This will happen all the time, on every vehicle, so must be something the fuel system can cope with.

I've been told that good practice, however, is to always aim to fill the tank at the end of the day. as this will minimise the air volume during the overnight cooling, and therefore the water available to condense out.

Jason



Theres also a product called Mr Funnel used in the UK by gokarters and microlightests that will filter the fuel. The largest size is not widely available, but it will remove water from diesel for you if you felt inclined or had a problem that required you to.


----------



## tony50 (Oct 16, 2007)

camallison said:


> I am aware that I have traces of water in the diesel in my MH. To remove the water from the fuel filter I have been told to open the little "tap" on the bottom of the filter. Now I am a cautious soul, and don't wish to introduce air into the fuel lines.
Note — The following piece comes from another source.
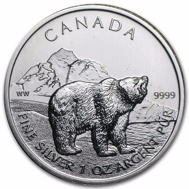 2011 1 oz Silver Canadian Grizzly (Abrasions, Spotted)

So, my questions is this, can I just open the "tap" and drain off the offending water, or should I do it with the engine running to keep a constant head of fuel?
> 
> Colin


My advice is to drain the fuel filter before you start it after say overnight that way you won't have stirred the fuel and water up in the filter housing , you only want to drain it for a few seconds (should start up ok ) ,unless you have substantial water in the system , then it's advisable to drain it if it has a drain plug , or remove tank and swill it out with diesel and then change the fuel filter a couple of times .

Tony A.


----------



## Chausson (Oct 17, 2006)

Hi
Modern diesel engines do NOT like running out of fuel it can be very costly if you have to call out a MB mechanic, so keep it at least quarter full all the time then you're OK.


----------



## buffallobill (Sep 28, 2007)

when my water in diesel light came on .dash board i followed instruction of hand book ,
that was to unscew the drain at the bottom of the filter. this drain plug also had the electric wires attached to it for the water in diesel sensor.
i did what the book said with the engine switched off.
caught the diesel/water in small container,
it only comes out slow.
replaced the drain plug/ sensor and the engine fired up ok.
engine is a fiat 2.5D 1998 model.


----------